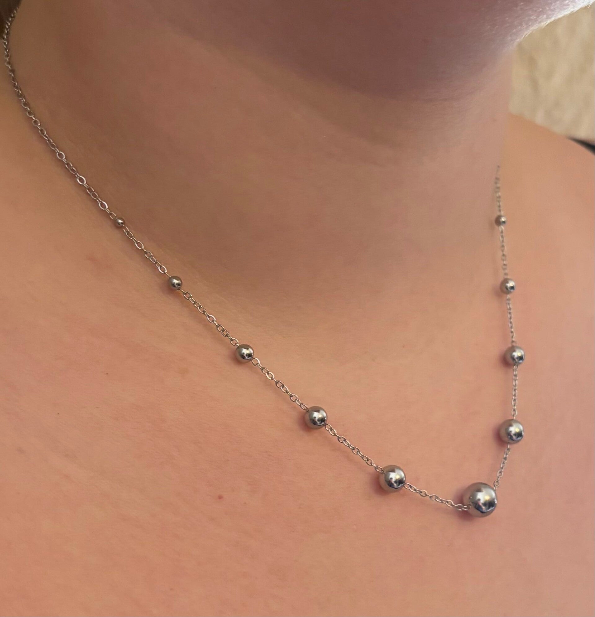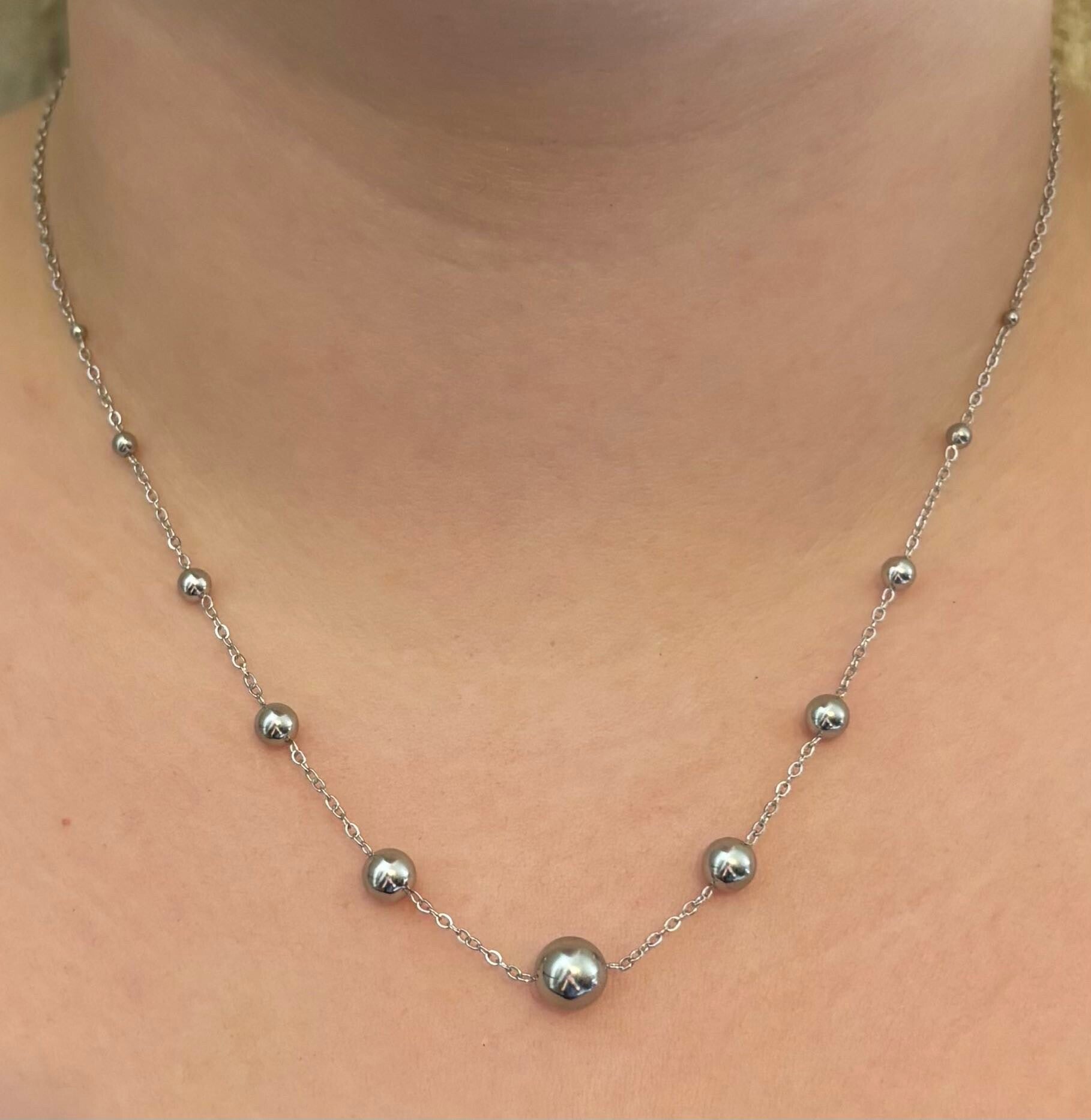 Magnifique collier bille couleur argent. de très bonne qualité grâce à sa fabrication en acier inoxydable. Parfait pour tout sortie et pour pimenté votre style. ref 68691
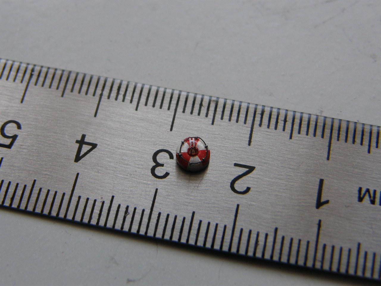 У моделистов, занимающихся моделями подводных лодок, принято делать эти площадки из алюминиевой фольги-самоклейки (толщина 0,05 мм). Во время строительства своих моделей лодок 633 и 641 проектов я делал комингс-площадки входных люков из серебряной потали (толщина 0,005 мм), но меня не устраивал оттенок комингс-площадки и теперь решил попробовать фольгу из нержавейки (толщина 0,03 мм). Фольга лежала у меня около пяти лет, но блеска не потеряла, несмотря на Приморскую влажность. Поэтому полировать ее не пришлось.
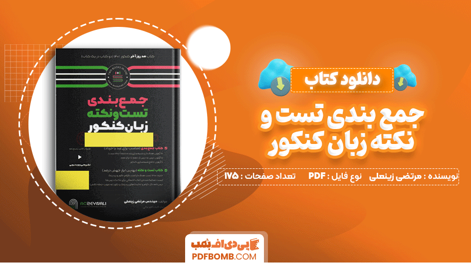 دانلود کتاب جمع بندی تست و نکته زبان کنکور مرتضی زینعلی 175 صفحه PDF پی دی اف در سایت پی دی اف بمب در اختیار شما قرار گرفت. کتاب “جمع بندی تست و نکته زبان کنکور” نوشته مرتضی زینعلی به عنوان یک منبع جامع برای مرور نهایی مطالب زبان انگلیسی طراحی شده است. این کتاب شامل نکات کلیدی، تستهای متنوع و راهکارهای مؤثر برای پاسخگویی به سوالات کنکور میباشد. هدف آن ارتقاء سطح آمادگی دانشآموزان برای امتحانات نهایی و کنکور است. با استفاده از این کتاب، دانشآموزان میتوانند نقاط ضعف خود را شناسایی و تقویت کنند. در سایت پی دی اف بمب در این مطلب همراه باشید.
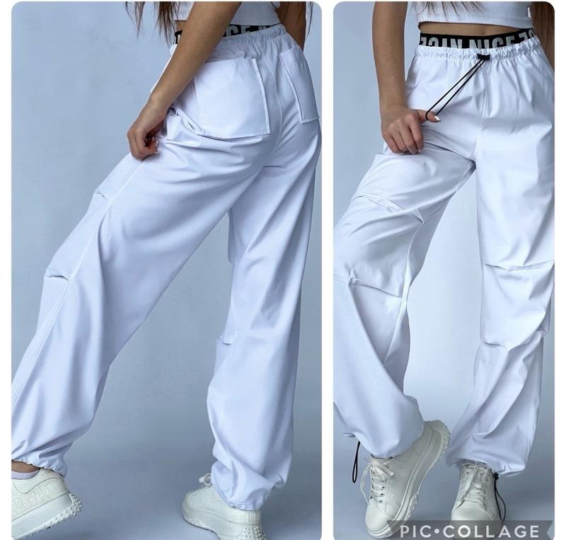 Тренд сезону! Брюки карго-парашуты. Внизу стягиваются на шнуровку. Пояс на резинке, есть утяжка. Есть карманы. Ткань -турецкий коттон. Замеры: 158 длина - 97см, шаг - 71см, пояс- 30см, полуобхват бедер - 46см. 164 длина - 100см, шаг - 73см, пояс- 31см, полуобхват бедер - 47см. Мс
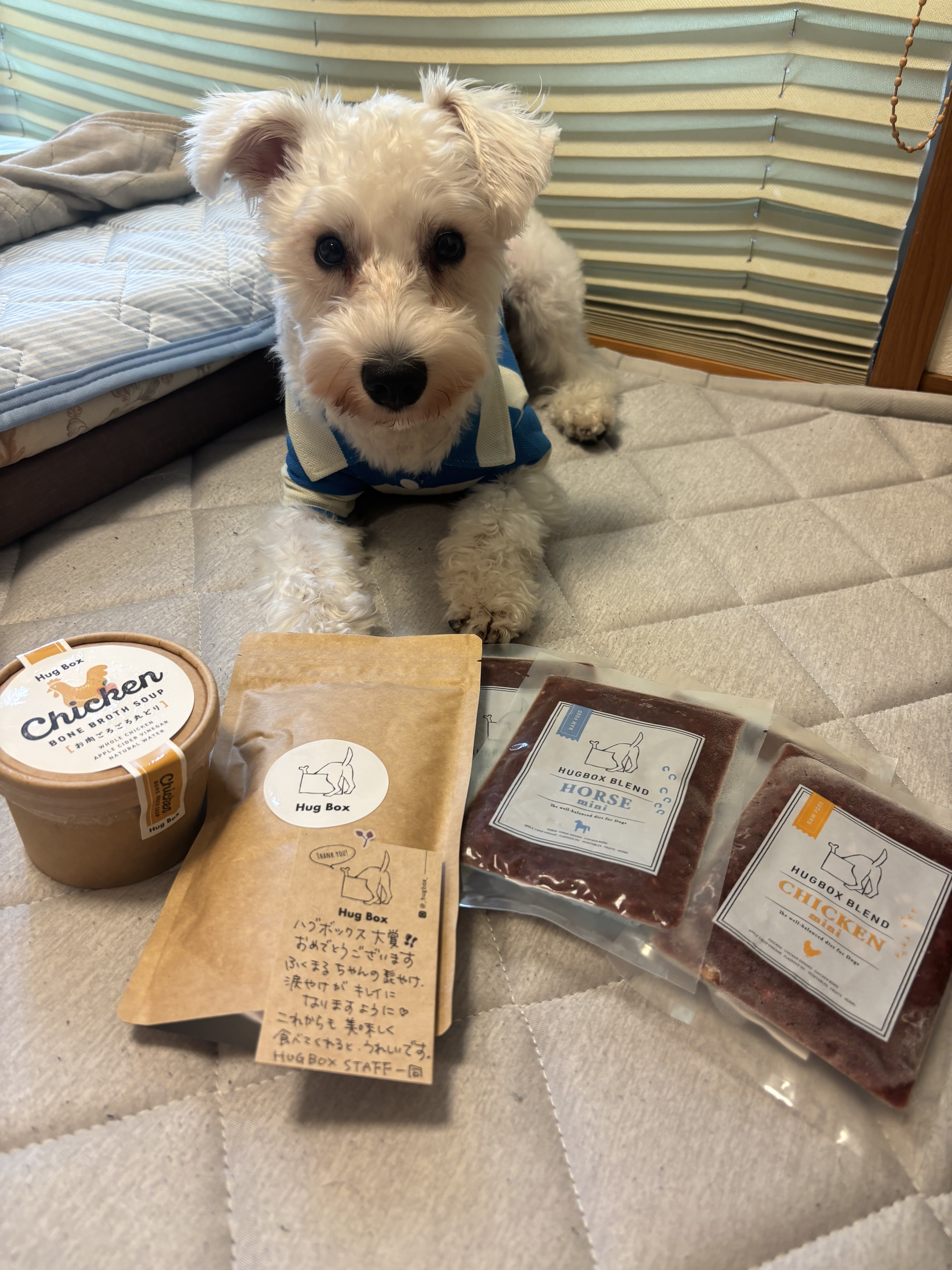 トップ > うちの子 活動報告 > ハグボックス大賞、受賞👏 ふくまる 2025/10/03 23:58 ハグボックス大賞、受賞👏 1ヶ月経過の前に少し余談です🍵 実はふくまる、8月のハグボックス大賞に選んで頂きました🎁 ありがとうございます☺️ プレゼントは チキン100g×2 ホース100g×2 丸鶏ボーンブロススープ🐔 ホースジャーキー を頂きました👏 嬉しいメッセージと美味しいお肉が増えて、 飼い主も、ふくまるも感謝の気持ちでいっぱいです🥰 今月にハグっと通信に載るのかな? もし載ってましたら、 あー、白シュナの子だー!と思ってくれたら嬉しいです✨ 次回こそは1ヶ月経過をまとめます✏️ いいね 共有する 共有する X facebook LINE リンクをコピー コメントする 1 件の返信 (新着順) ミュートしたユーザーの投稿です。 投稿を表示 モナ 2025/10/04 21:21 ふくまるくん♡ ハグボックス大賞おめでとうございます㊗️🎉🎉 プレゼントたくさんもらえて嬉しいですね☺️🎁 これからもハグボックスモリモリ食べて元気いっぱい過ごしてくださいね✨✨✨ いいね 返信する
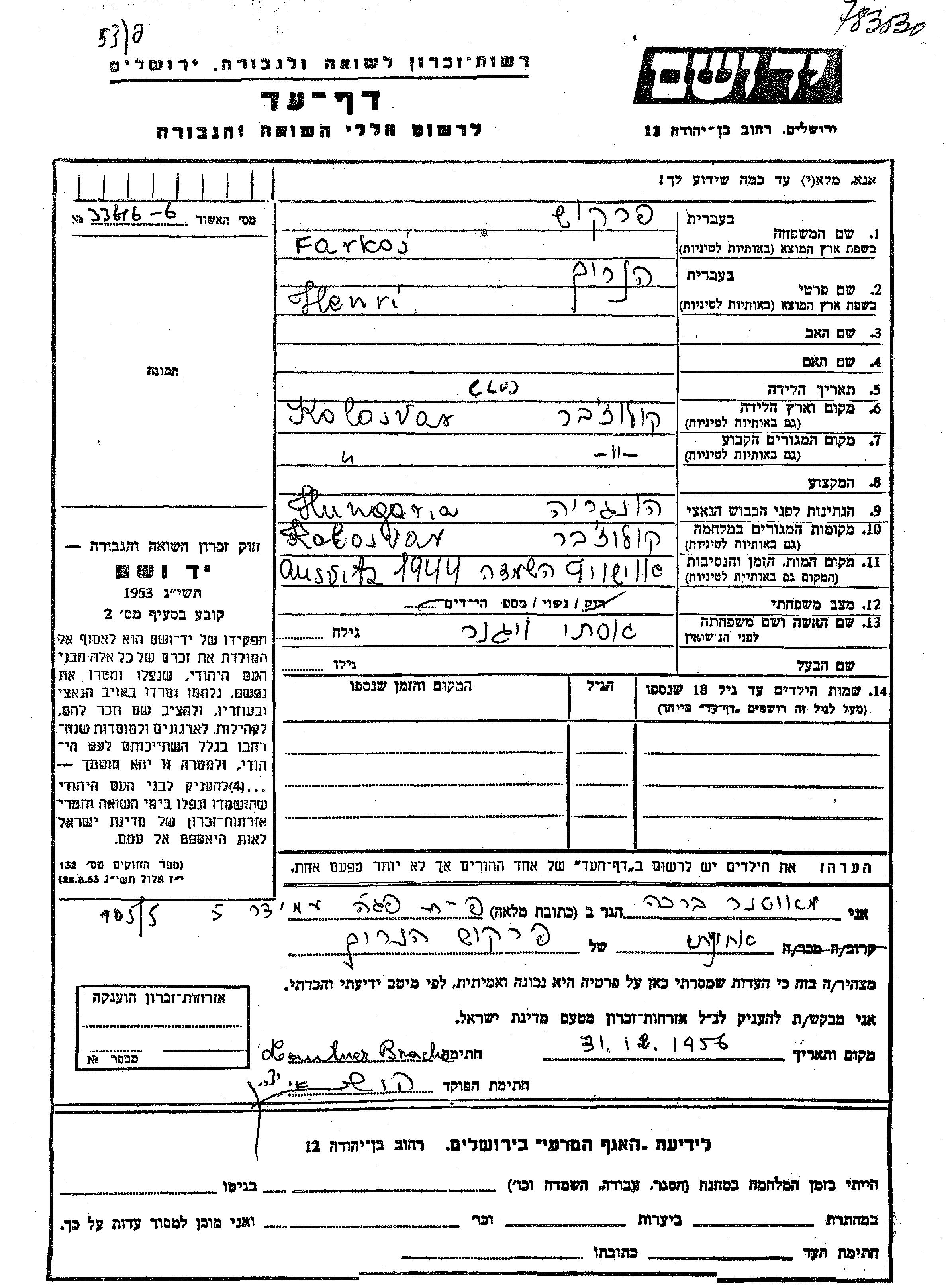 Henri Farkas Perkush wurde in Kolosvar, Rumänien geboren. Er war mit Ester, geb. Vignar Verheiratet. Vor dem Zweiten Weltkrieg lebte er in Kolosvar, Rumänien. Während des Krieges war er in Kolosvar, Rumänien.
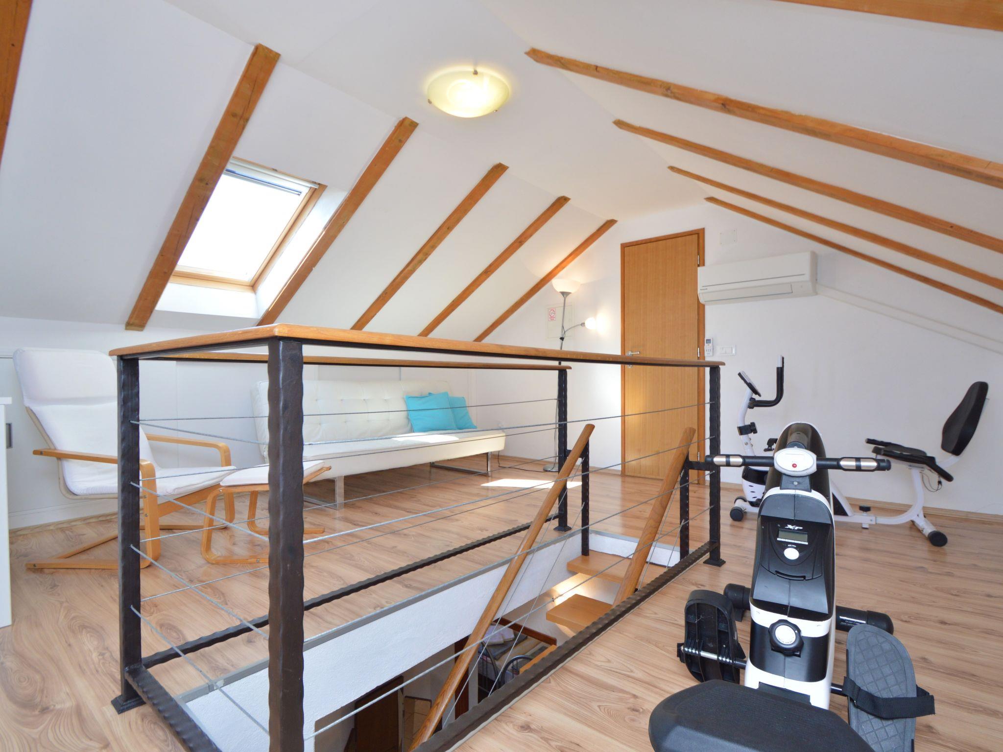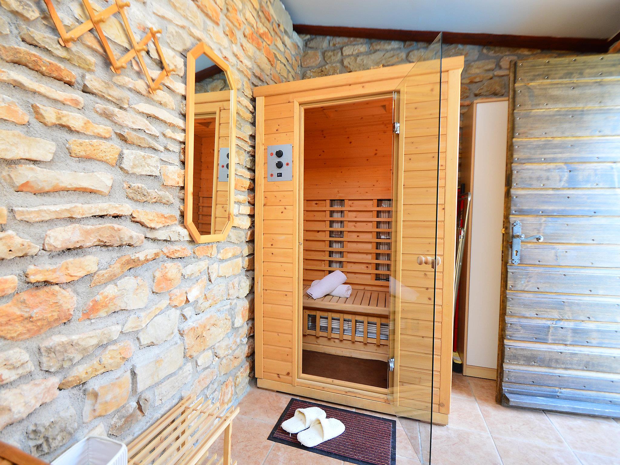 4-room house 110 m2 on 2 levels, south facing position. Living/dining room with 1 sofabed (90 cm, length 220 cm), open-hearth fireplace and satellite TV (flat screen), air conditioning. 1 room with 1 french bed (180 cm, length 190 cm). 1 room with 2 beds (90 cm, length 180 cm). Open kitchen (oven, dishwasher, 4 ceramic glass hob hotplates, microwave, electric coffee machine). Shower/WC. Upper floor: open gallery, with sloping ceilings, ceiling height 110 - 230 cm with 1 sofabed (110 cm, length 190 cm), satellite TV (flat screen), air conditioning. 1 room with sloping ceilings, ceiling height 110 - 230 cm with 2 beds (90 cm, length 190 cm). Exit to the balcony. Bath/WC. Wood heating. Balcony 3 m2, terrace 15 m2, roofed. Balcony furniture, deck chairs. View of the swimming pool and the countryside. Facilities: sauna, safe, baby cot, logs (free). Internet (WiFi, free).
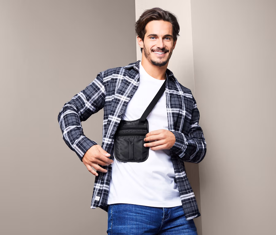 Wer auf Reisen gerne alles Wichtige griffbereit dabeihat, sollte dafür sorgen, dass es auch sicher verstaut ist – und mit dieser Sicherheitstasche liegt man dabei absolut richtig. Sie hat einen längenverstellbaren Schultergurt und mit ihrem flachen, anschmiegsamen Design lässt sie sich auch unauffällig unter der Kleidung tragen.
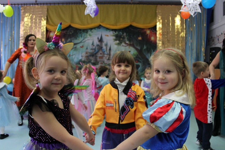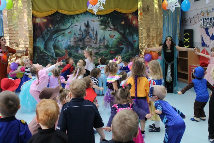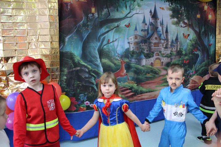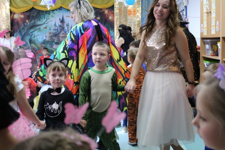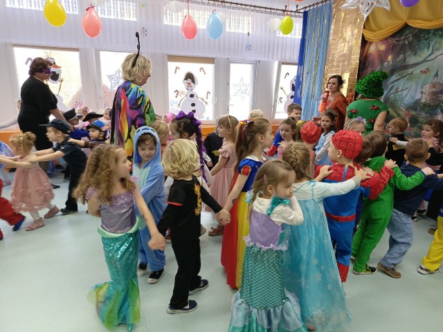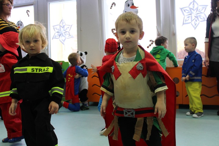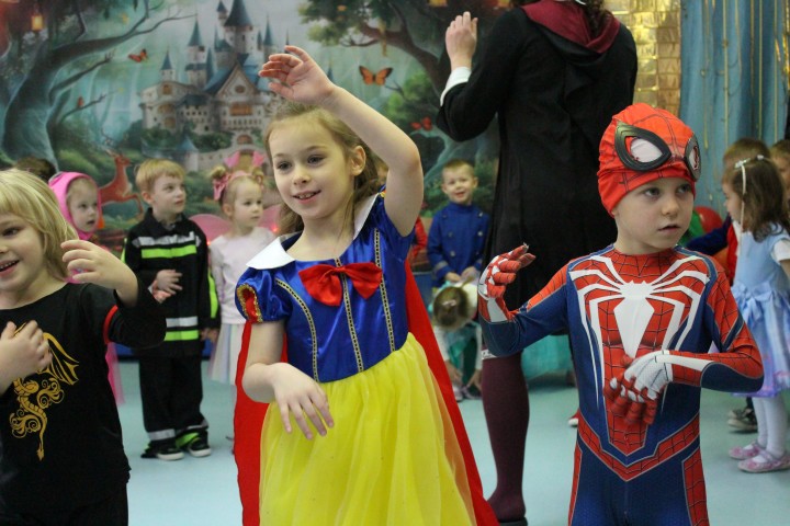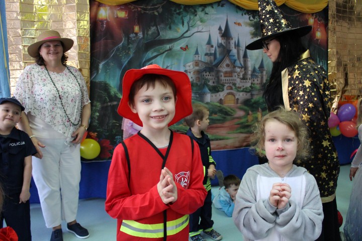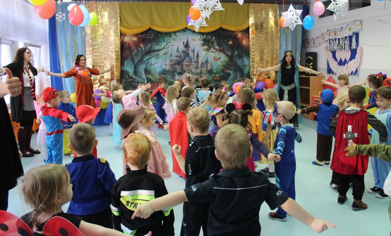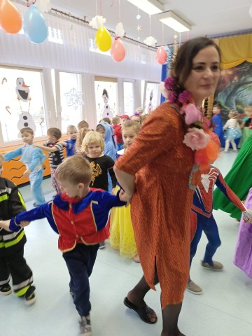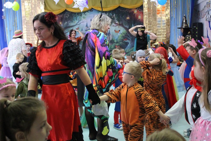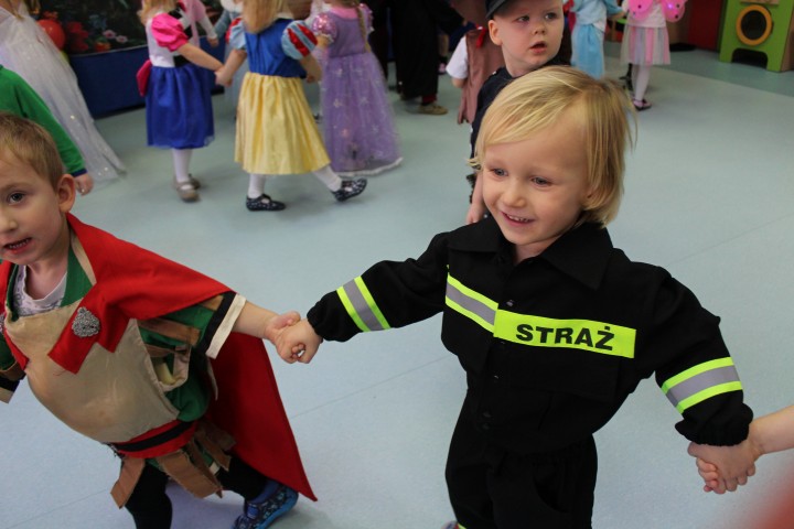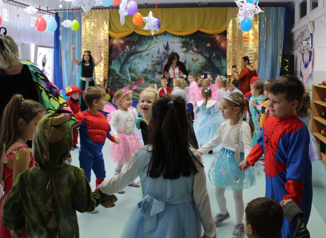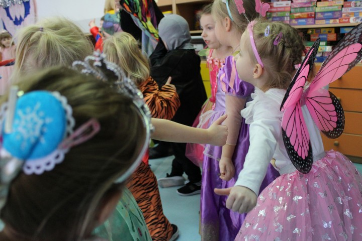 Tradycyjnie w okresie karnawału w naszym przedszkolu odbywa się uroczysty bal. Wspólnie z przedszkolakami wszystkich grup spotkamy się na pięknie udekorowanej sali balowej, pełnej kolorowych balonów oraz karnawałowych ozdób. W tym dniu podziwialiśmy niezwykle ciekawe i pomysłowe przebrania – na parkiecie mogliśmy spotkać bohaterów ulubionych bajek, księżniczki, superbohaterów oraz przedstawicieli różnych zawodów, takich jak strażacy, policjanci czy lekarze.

● ● ●

*Work to complete:*
Only one stretch of the material above is wanted: the line containing "Тренд сезону! Брюки" through the line containing "Henri Farkas Perkush". Restate it word for word, minus the pictures.

*Task answer:*
 Тренд сезону! Брюки карго-парашуты. Внизу стягиваются на шнуровку. Пояс на резинке, есть утяжка. Есть карманы. Ткань -турецкий коттон. Замеры: 158 длина - 97см, шаг - 71см, пояс- 30см, полуобхват бедер - 46см. 164 длина - 100см, шаг - 73см, пояс- 31см, полуобхват бедер - 47см. Мс
 トップ > うちの子 活動報告 > ハグボックス大賞、受賞👏 ふくまる 2025/10/03 23:58 ハグボックス大賞、受賞👏 1ヶ月経過の前に少し余談です🍵 実はふくまる、8月のハグボックス大賞に選んで頂きました🎁 ありがとうございます☺️ プレゼントは チキン100g×2 ホース100g×2 丸鶏ボーンブロススープ🐔 ホースジャーキー を頂きました👏 嬉しいメッセージと美味しいお肉が増えて、 飼い主も、ふくまるも感謝の気持ちでいっぱいです🥰 今月にハグっと通信に載るのかな? もし載ってましたら、 あー、白シュナの子だー!と思ってくれたら嬉しいです✨ 次回こそは1ヶ月経過をまとめます✏️ いいね 共有する 共有する X facebook LINE リンクをコピー コメントする 1 件の返信 (新着順) ミュートしたユーザーの投稿です。 投稿を表示 モナ 2025/10/04 21:21 ふくまるくん♡ ハグボックス大賞おめでとうございます㊗️🎉🎉 プレゼントたくさんもらえて嬉しいですね☺️🎁 これからもハグボックスモリモリ食べて元気いっぱい過ごしてくださいね✨✨✨ いいね 返信する
 Henri Farkas Perkush wurde in Kolosvar, Rumänien geboren. Er war mit Ester, geb. Vignar Verheiratet. Vor dem Zweiten Weltkrieg lebte er in Kolosvar, Rumänien. Während des Krieges war er in Kolosvar, Rumänien.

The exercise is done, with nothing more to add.